Variables in Creation Order
#	Variable	Type	Len	Label
1	Name	Char	18	Player's Name
2	Team	Char	14	Team at the End of 1986
3	nAtBat	Num	8	Times at Bat in 1986
4	nHits	Num	8	Hits in 1986
5	nHome	Num	8	Home Runs in 1986
6	nRuns	Num	8	Runs in 1986
7	nRBI	Num	8	RBIs in 1986
8	nBB	Num	8	Walks in 1986
9	YrMajor	Num	8	Years in the Major Leagues
10	CrAtBat	Num	8	Career Times at Bat
11	CrHits	Num	8	Career Hits
12	CrHome	Num	8	Career Home Runs
13	CrRuns	Num	8	Career Runs
14	CrRbi	Num	8	Career RBIs
15	CrBB	Num	8	Career Walks
16	League	Char	8	League at the End of 1986
17	Division	Char	8	Division at the End of 1986
18	Position	Char	8	Position(s) in 1986
19	nOuts	Num	8	Put Outs in 1986
20	nAssts	Num	8	Assists in 1986
21	nError	Num	8	Errors in 1986
22	Salary	Num	8	1987 Salary in $ Thousands
23	Div	Char	16	League and Division
24	logSalary	Num	8	Log Salary

Suppose you want to investigate whether you can model the players’ salaries for the 1987 season based on performance measures for the previous season. The aim is to obtain a parsimonious model that does not overfit this particular data, making it useful for prediction. This example shows how you can use PROC HPREG as a starting point for such an analysis. Since the variation of salaries is much greater for the higher salaries, it is appropriate to apply a log transformation to the salaries before doing the model selection.

The following statements select a model with the default settings for stepwise selection:

proc hpreg data=sashelp.baseball;
  class league division;
  model logSalary = nAtBat nHits nHome nRuns nRBI nBB
                    yrMajor crAtBat crHits crHome crRuns crRbi
                    crBB league division nOuts nAssts nError;
  selection method=stepwise;
run;

The default output from this analysis is presented in Figure 15.2 through Figure 15.6.
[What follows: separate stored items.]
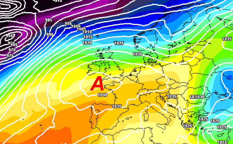 Ecco l’apice della breve fase anticiclonica che sta interessando l’Europa in questi giorni. La avremo nelle ore centrali della giornata di domani, mercoledi 5 gennaio:
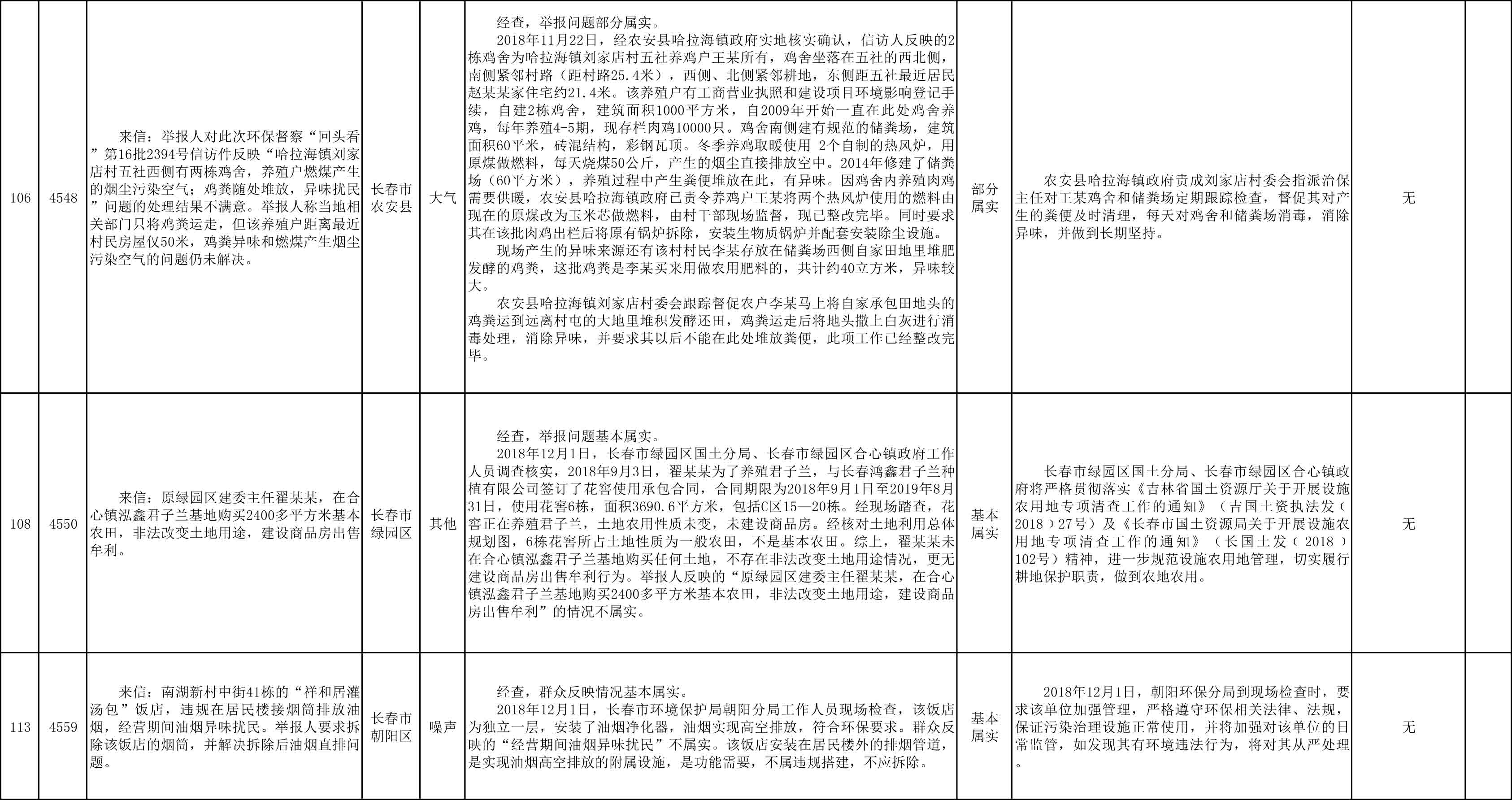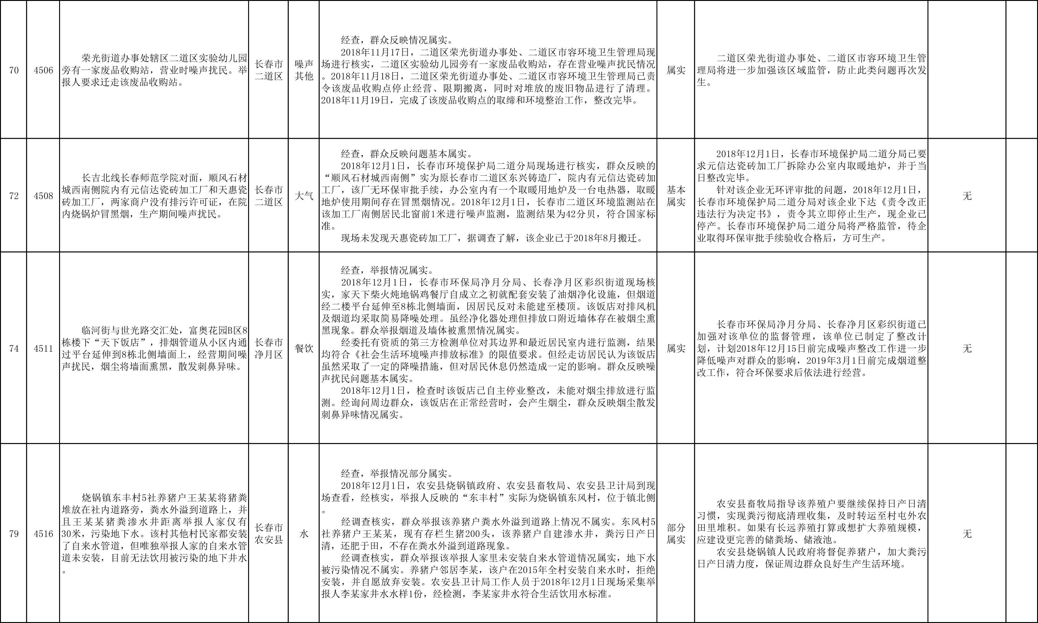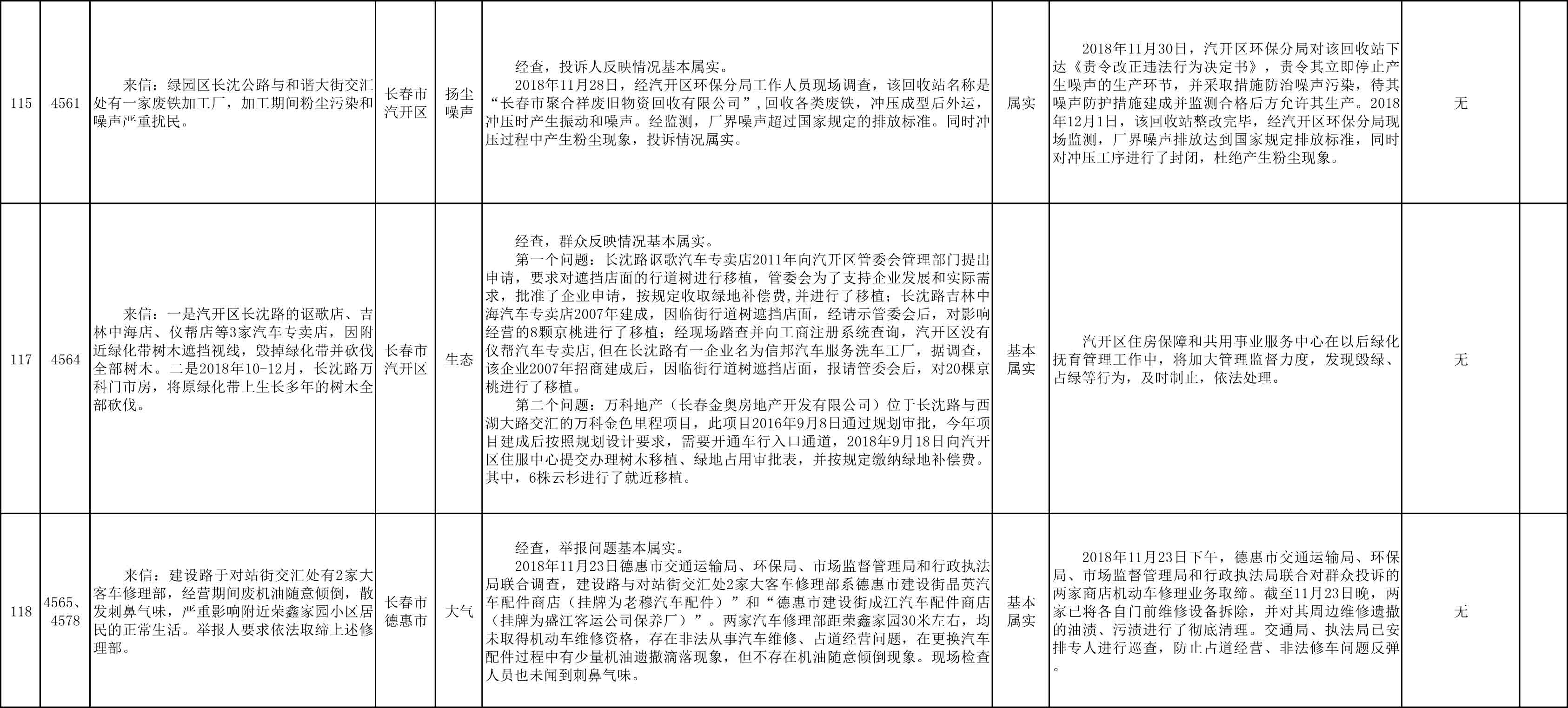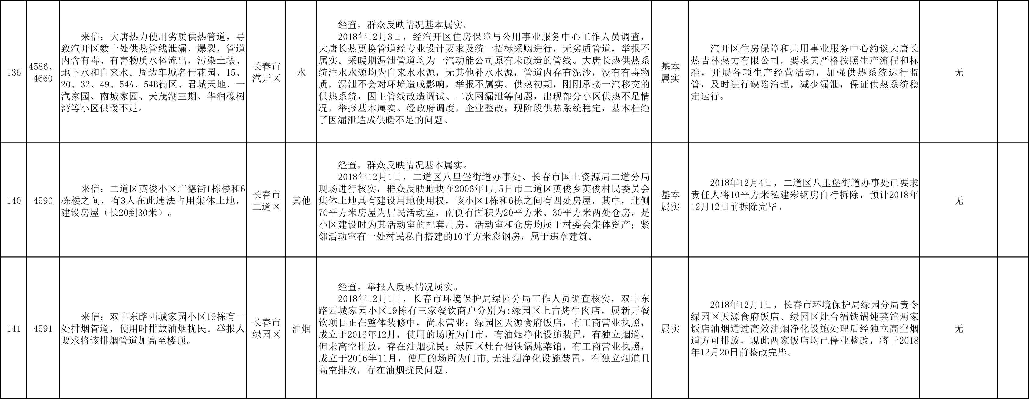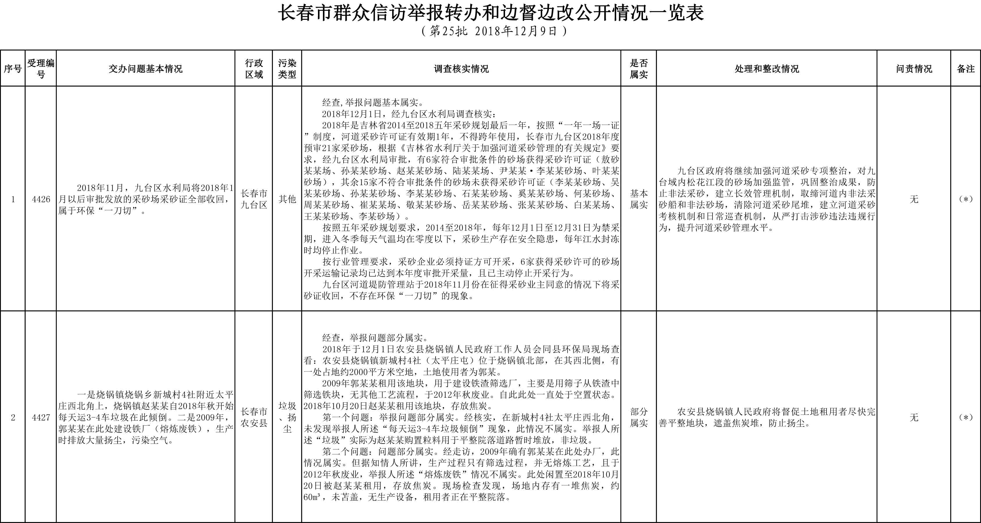 长春市群众信访举报转办和边督边改公开情况一览表(第25批 2018年12月9日)
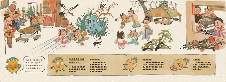 这样,我们把人感染病毒的过程、生病的原因、如何防御病毒、如何在生病之后采取家庭中实际可行的措施都融入到故事场景中,就能让孩子用更加生动形象的方式认识微观世界。
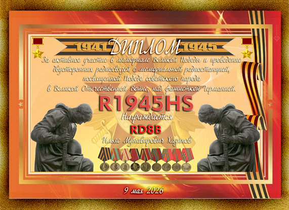 В 2026 году, отдавая дань памяти и уважения тем, кто защищал нашу Родину в годы Великой Отечественной войны, включая и тех, кто ковал эту победу в тылу, в знак глубокого уважения и благодарности за их вклад в общую Победу над фашизмом, позывной R1945HS звучит с 1 мая по 31 мая 2026 г.

Figure 15.2: Performance, Data Access, Model, and Selection Information

The HPREG Procedure

Performance Information
Execution Mode	Single-Machine
Number of Threads	4

Data Access Information
Data	Engine	Role	Path
SASHELP.BASEBALL	V9	Input	On Client

Model Information
Data Source	SASHELP.BASEBALL
Dependent Variable	logSalary
Class Parameterization	GLM

Selection Information
Selection Method	Stepwise
Select Criterion	SBC
Stop Criterion	SBC
Effect Hierarchy Enforced	None
Stop Horizon	3

Figure 15.2 displays the "Performance Information," "Data Access Information," "Model Information," and "Selection Information" tables. The "Performance Information" table shows that procedure executes in single-machine mode—that is, the model is fit on the machine where the SAS session executes. This run of the HPREG procedure was performed on a multicore machine with four CPUs; one computational thread was spawned per CPU.

The "Data Access Information" table shows that the input data set is accessed with the V9 (base) engine on the client machine.

The "Model Information" table identifies the data source and response and shows that the CLASS variables are parameterized in the GLM parameterization, which is the default.

The "Selection Information" provides details about the method and criteria used to perform the model selection. The requested selection method is a variant of the traditional stepwise selection where the decisions about what effects to add or drop at any step and when to terminate the selection are both based on the Schwarz Bayesian information criterion (SBC). The effect in the current model whose removal yields the maximal decrease in the SBC statistic is dropped provided this lowers the SBC value. When no further decrease in the SBC value can be obtained by dropping an effect in the model, the effect whose addition to the model yields the lowest SBC statistic is added and the whole process is repeated. The method terminates when dropping or adding any effect increases the SBC statistic.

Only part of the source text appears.